Competing With iBuyers Through Social Proof

iBuyers are doing their best to eliminate (or at least minimize) human interaction in the house selling process. Their goal is to provide instant, no-hassle service, and many sellers appreciate that, especially younger generations. And naturally, iBuyers also use social proof-based marketing as their reviews highlight the expediency of the process and a lot of housing market data available right away.

One way to set yourself apart as a real estate investor is by providing a human touch in the selling process and pushing this perspective through social proof. Two strategies are used to compete with iBuyers: embedding yourself in the local real estate market and excelling in the service you provide. There are other strategies as well, but iBuyers can’t match your local knowledge and can’t hear motivated sellers out in person. Sellers are motivated for a reason and if you help them, you’ll establish a connection that iBuyers simply can’t rival.

Social Proof Works Everywhere

Don’t forget that you can use social proof in other contexts as well. If you run a real estate investing business, your focus is on acquiring motivated seller leads, however, there’s much more to the industry than that.

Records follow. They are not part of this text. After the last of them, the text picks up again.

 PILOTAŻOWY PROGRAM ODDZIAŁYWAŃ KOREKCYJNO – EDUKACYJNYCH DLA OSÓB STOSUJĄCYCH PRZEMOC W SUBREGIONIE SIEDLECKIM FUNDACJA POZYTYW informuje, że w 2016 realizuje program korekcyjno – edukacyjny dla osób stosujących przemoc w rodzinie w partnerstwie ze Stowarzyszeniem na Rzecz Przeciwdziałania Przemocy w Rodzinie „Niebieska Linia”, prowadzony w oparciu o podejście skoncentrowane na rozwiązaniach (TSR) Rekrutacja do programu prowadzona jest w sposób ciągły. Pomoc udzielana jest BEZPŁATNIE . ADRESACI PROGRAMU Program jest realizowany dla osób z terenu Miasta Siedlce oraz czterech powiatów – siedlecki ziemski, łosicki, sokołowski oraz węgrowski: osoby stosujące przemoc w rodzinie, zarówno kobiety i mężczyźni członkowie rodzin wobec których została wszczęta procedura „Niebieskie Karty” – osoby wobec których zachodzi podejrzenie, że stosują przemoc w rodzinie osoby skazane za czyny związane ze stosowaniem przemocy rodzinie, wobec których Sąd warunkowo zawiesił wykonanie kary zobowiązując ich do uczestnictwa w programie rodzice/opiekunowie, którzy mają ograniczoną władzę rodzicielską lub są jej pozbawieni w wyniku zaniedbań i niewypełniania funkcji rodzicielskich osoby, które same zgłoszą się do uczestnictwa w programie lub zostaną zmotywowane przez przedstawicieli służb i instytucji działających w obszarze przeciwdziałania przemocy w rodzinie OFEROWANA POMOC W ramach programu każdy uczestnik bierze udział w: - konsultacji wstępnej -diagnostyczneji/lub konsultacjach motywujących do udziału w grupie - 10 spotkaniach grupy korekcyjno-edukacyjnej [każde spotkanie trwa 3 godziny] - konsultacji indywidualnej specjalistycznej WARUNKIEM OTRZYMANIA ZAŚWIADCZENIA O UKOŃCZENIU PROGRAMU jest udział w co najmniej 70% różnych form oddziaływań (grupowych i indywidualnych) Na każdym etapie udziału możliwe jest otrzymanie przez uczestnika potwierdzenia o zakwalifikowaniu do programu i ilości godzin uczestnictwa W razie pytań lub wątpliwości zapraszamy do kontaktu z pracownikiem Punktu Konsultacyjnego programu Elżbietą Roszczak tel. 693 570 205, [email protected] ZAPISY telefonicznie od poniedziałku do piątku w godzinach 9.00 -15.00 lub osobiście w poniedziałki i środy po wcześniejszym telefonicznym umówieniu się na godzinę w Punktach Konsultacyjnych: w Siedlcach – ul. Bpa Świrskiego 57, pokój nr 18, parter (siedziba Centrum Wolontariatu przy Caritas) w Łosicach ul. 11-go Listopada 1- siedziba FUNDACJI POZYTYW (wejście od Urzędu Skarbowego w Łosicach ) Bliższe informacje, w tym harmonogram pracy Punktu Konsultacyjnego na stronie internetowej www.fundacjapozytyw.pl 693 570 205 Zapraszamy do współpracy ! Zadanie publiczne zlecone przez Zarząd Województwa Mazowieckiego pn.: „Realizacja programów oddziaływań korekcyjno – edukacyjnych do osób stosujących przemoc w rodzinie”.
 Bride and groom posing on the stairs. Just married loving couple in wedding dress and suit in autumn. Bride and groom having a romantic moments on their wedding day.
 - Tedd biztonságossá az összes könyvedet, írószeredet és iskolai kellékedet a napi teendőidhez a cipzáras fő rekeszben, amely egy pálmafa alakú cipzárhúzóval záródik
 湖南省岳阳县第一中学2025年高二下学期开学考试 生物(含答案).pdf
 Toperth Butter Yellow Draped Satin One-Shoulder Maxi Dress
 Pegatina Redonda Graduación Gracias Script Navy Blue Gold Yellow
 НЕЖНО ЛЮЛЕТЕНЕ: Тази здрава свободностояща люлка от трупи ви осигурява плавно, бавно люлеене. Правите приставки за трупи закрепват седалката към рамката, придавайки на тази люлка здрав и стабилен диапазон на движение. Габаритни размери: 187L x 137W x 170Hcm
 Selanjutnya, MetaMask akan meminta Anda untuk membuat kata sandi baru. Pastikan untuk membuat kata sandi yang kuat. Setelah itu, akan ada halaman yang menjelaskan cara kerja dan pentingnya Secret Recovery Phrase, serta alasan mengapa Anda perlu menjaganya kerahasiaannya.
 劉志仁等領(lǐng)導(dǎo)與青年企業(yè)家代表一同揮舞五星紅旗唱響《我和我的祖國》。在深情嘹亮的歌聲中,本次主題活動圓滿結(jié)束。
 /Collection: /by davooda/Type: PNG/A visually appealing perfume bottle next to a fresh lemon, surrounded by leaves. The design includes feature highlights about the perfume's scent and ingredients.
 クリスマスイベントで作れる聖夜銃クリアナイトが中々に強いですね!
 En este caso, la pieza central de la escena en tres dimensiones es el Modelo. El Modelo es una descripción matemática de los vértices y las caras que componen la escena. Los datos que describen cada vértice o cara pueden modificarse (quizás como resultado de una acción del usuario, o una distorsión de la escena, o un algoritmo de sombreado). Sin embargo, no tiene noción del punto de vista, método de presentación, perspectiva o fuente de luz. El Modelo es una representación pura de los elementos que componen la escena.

One such scenario is when you need to get a loan from a bank or a private lender. You can, for example, tell the person who decides whether to approve your loan that you’ve handled loans previously and you will increase your chances of getting the money. Even if the previous loan was for your car, it could help you present yourself as someone who can keep loan payments current.

We will share another example that’s typical for investors in rental properties. If you are a landlord, the person (or business) who handles property management is the face of your rental doors. Tenants won’t see you, they’ll see these guys, so keep this in mind when you choose the type of people you hire to represent you. Having a presentable property management team will be more appealing to prospective renters, and this will decrease your vacancy rates.

Takeaway

Selling a house is a big decision, and more and more house sellers check the company’s social proof before deciding to work with them.

Any form of social proof is useful in this regard. It can be a testimonial, online review, social post, stats, etc. Use them in all marketing channels; your website (landing page, home page, lead capture forms), social media accounts, ads, but also when you get loans or when you try to find renters for your properties.

Lastly, pay attention to what is said about your real estate investing company online, because website visitors are sure to check your poor reviews. We are wired to value feedback from our peers, so make sure you use social proof to grow your business.